The rise and fall times of the model are controlled by the ramp
generators (upper and lower left corners of the figure).
Before a 0 to 1 transition, switch S1 is closed, which causes node 850
to be at 0.0 volts. When the INPUT changes from 0 to 1 (and ENABLE is
asserted), switch S1 releases, and the B3 switched resistor is turned
on. B3 pulls the lower side of capacitor C1 to the plus rail, with time
constant RTR*C1 (parameter RTR is the rise time in the IBIS file).
When the ramp reaches the positive rail voltage, the XPULLUP applies
the full value of the lookup table inside it. The "force" applied is
a function of how much difference there is between the current output
voltage (node 8) and the voltage the driver is trying to make (the
logic 1 provided by node 850). When the driver output (as seen at node
8) reaches the positive rail, XPULLUP stops requesting more drive.

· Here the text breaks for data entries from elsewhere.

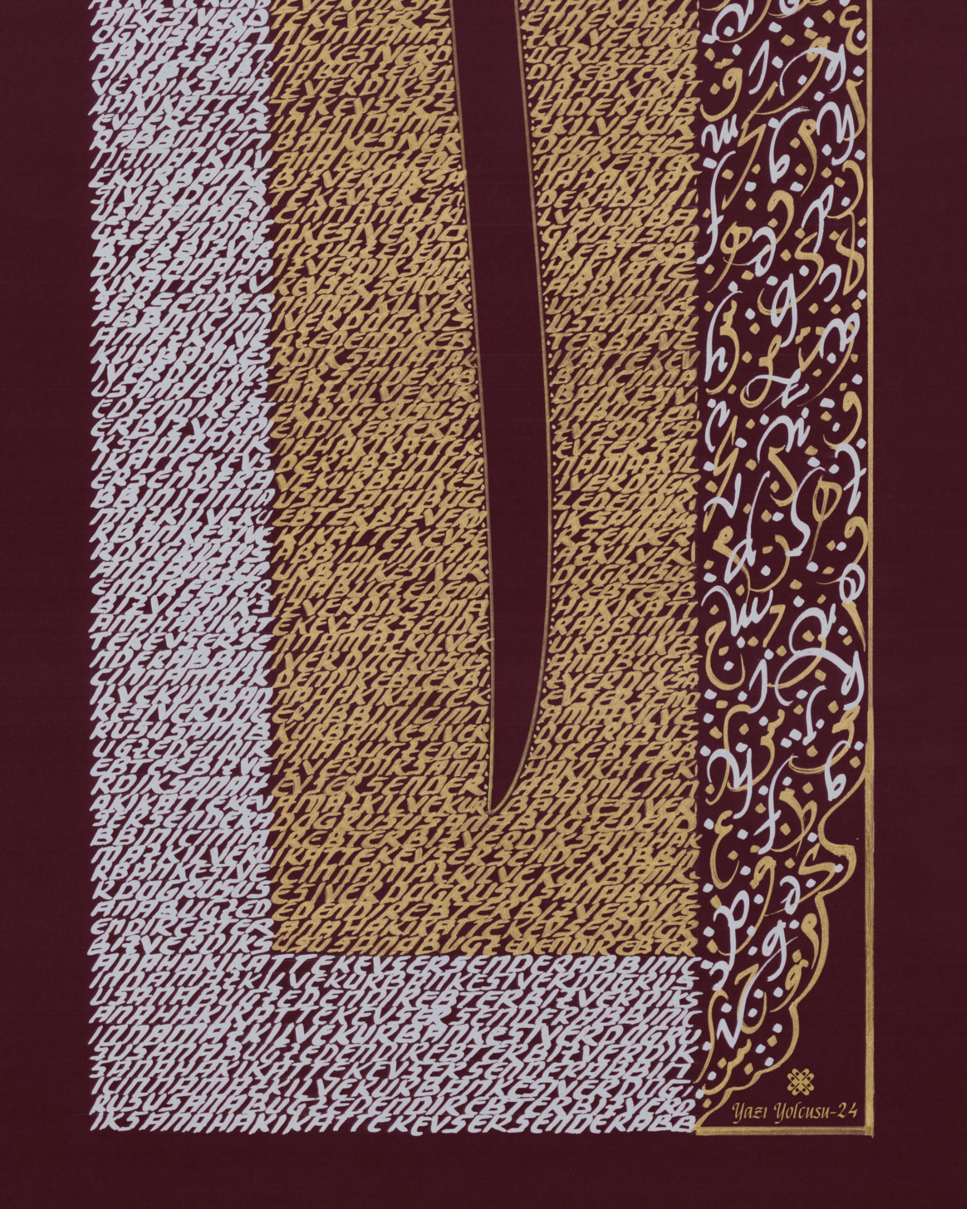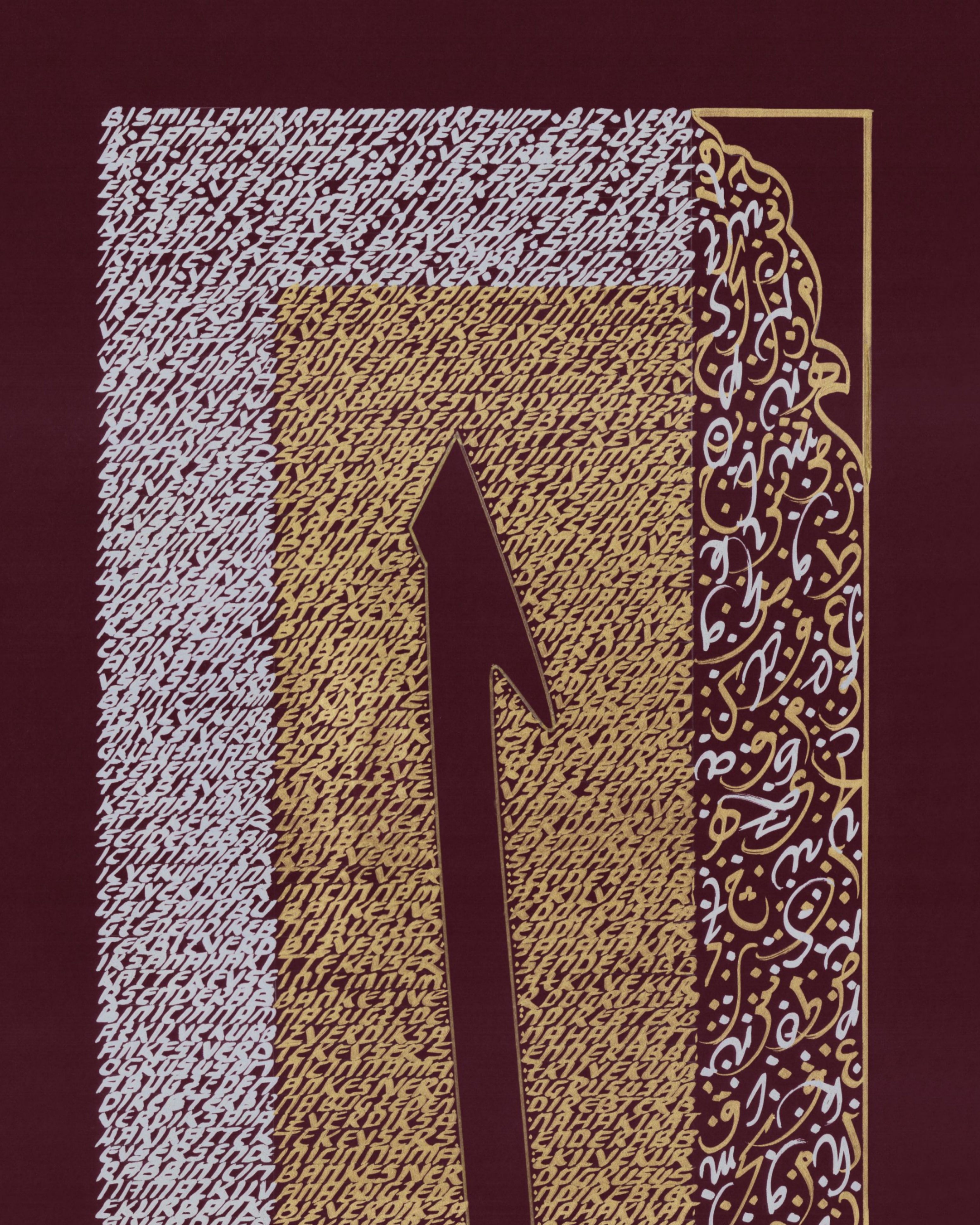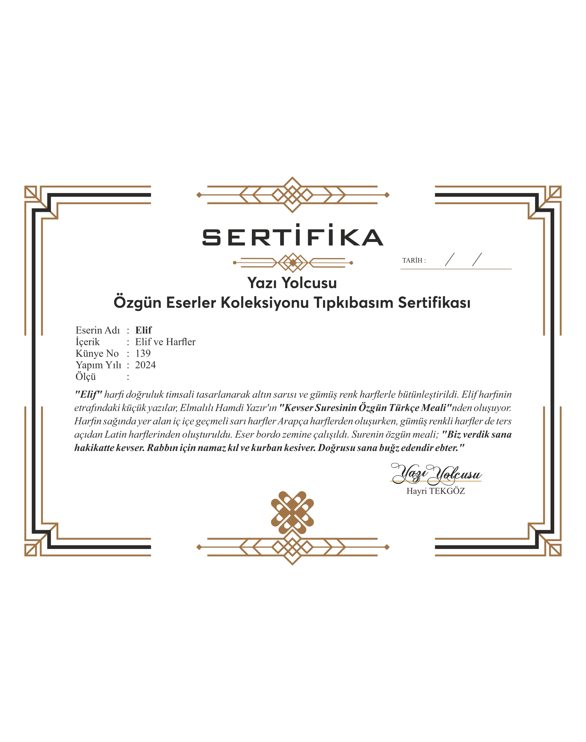 "Elif Harfi ve Harfler.” Elif harfi doğruluk timsali tasarlanarak altın sarısı ve gümüş renk harflerle bütünleştirildi. Elif harfinin etrafındaki küçük yazılar, Elmalılı Hamdi Yazır'ın Kevser Suresinin Özgün Türkçe Meali’nden oluşuyor. Harfin sağında yer alan iç içe geçmeli sarı harfler Arapça harflerden oluşurken, gümüş renkli harfler de ters açıdan Latin harflerinden oluşturuldu. Eser bordo zemine çalışıldı. Surenin özgün meali; "Biz verdik sana hakikatte kevser. Rabbın için namaz kıl ve kurban kesiver. Doğrusu sana buğz edendir ebter."
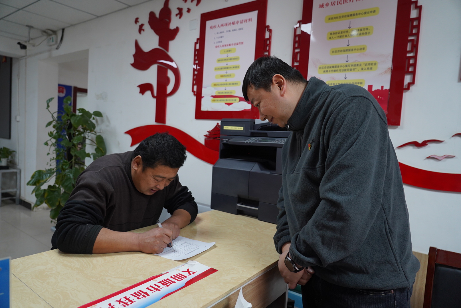 社区干部在帮居民填写表格。吐鲁番市融媒体中心记者 买迪努尔 摄
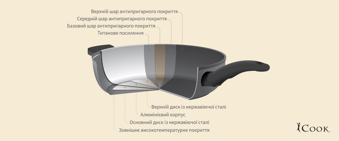 Особливості конструкції корпусу сковорідки iCook™ й антипригарного покриття.
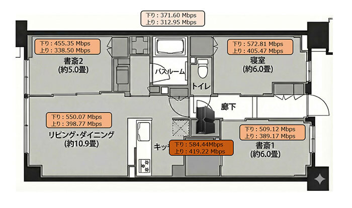 3LDK/1Gbps回線のマンションの各部屋における通信速度結果
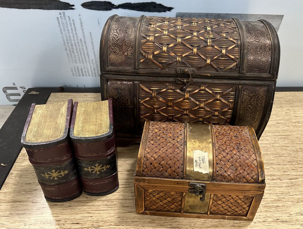 Decorative Storage Boxes, and Bookends, Location Right Metal Shelves Decorative Storage Boxes, and Bookends, Location Right Metal Shelves
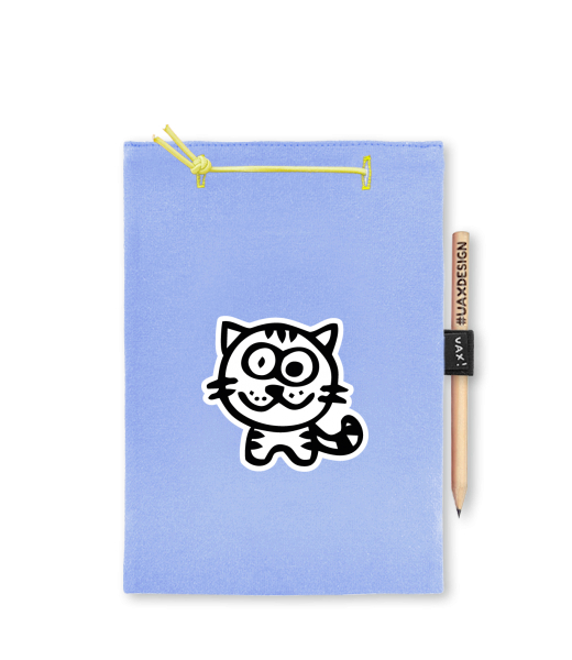 Blok A4 s vyměnitelnými papíry. Na přední straně možnost výběru z více než 300 potisků. Vyrobeno ze 100% bavlny. Výběr z 28 barev. Tiskneme ručním sítotiskem. V horní části blok A4 stažen žlutou gumičkou. 60 listů s perforací pro snadnější odtržení. Žlutá guma ve spodní části pro zajištění obalu. K bloku získáte i tužku #UAXDESIGN
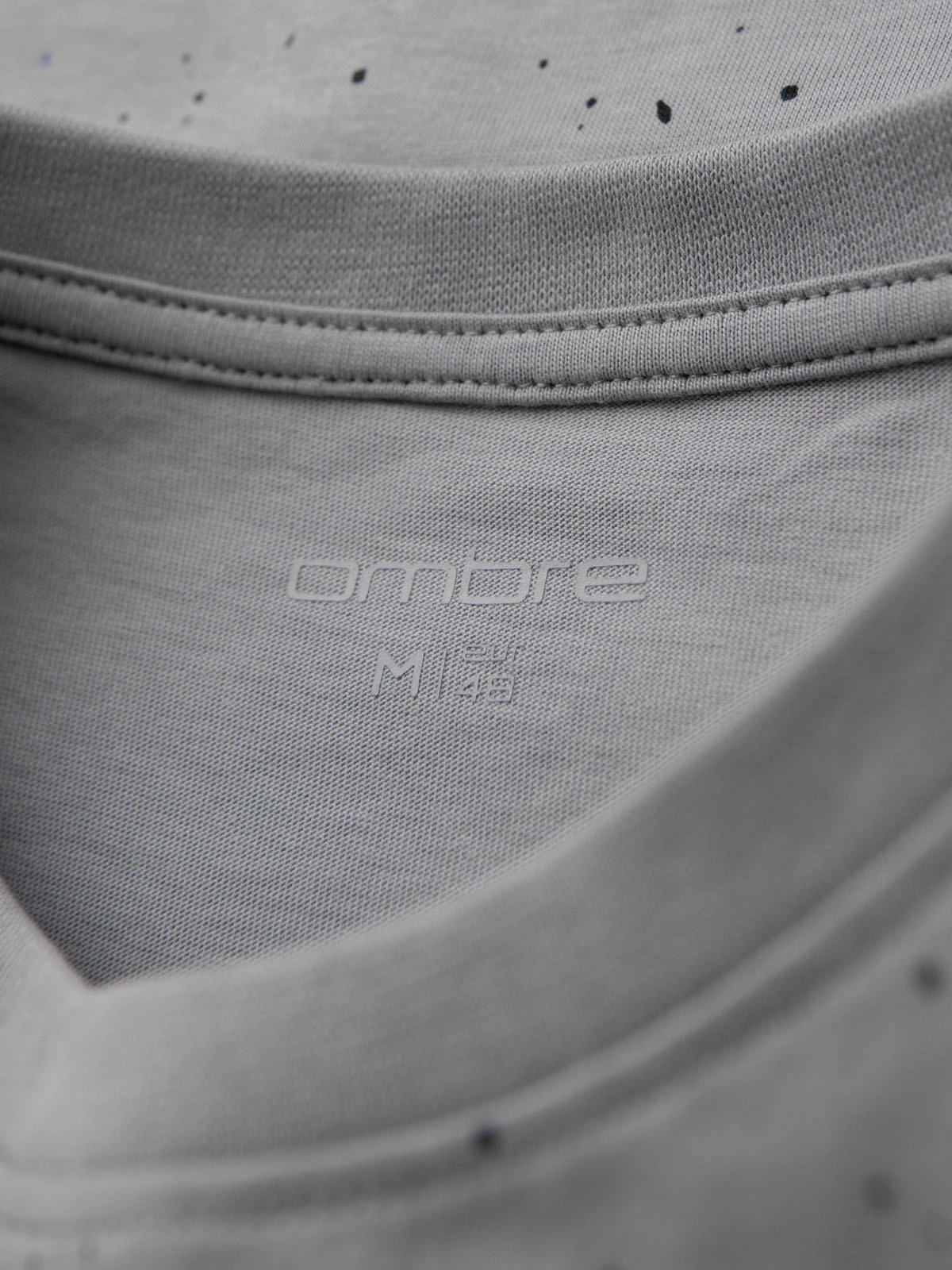 Pánské bavlněné tričko s potiskem a kulatým výstřihem - světle šedé V8 OM-TSFP-0186
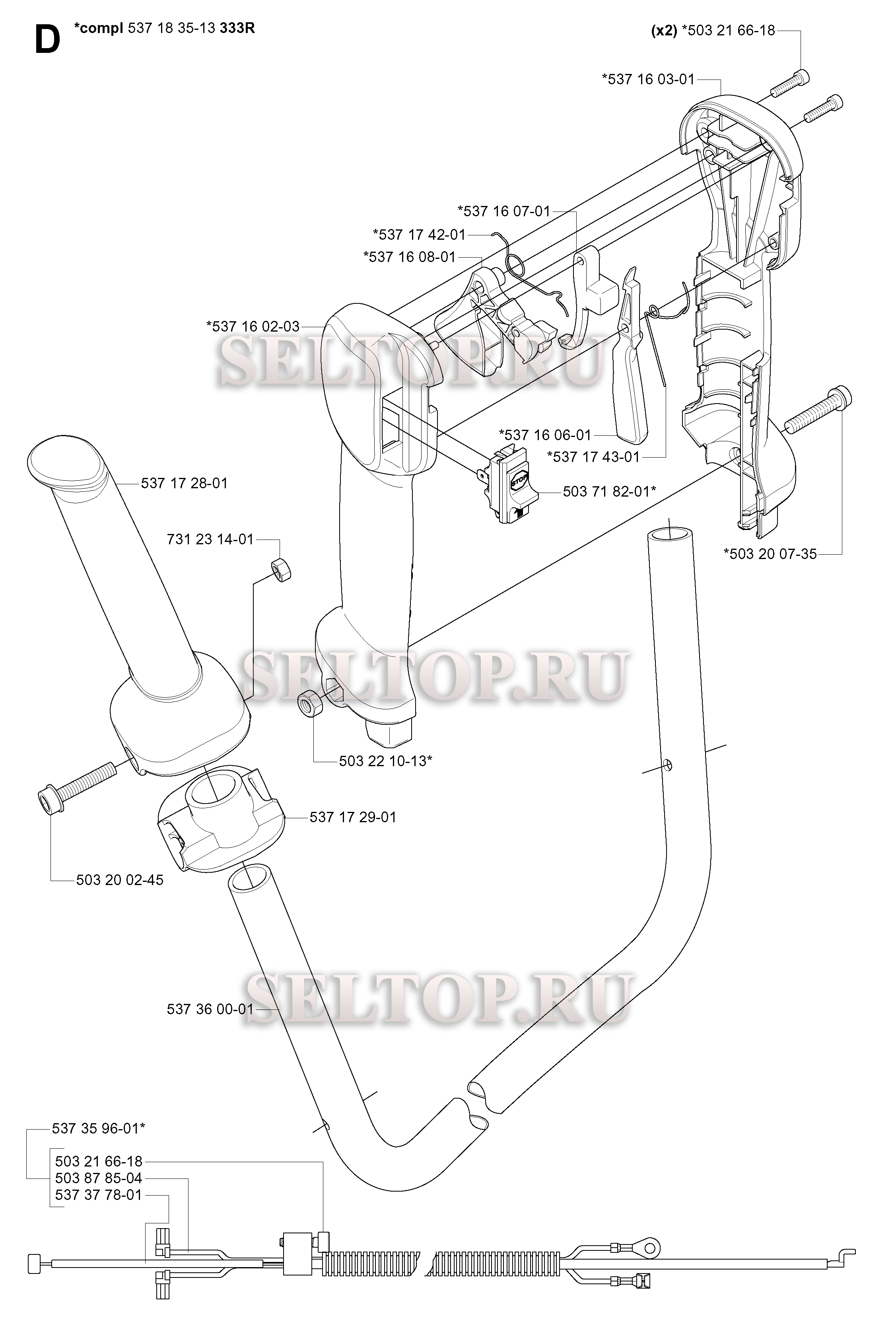 Ручка, рычаги управления для триммера Husqvarna 333 R (c 2005-06), взрыв-схема:

The PULLUP drive consists of several conversion steps. The input to
XPULLUP is effectively Vtable = VCC-Voutput, and since XPULLUP is a
VCVS (voltage controlled voltage source), a voltage is produced which
is referenced to the positive rail. This, in turn, is applied to
VCCS (voltage controlled current source) G2, which has a 1:1 gain. If
XPULLUP outputs 1 volt, then G2 will output 1 amp. Now, the curious
part is the role of resistors R1 and R2. Instinct says they are being
used to convert from current to voltage (as if a voltage source is
desired as the output characteristic of the driver). By using S2IBIS2,
the proper output impedance characteristic is seen, looking into this
network (because it is the slope of V versus I that counts, as opposed
to the instantaneous value). However, be aware that if you are using
node 300 to monitor power consumption, you will find too much current
flowing into this node.
I tried constructing my own driver, by using a B element to place a
non-linear resistance between the positive rail and the output node,
and the output waveform had the right shape, but it had small
stairsteps along its edge. So, the voltage-current-voltage chain used
by Intusoft has more merit than going directly with a non-linear
resistor.
Another question is the design of the ramp generator. To me, the shape
of the ramp is arbitrary. Intusoft chose an RC charging curve, whereas
I would have chosen a linear ramp (which can be achieved with
a switched constant current source into a capacitor). A linear ramp
would at least make it easier to adjust the subcircuit to get the
correct value of rise/fall times. I don't think the IBIS spec defines
how PULLUP or PULLDOWN turn on.
Voltage sources V7, V6, and V5 are zero volt sources, used to allow
Spice to monitor the current flow. The XPWRCLAMP and XGNDCLAMP are
non-linear resistors which are always enabled, and these give the
clamping characteristic of the input gate ESD protection diodes.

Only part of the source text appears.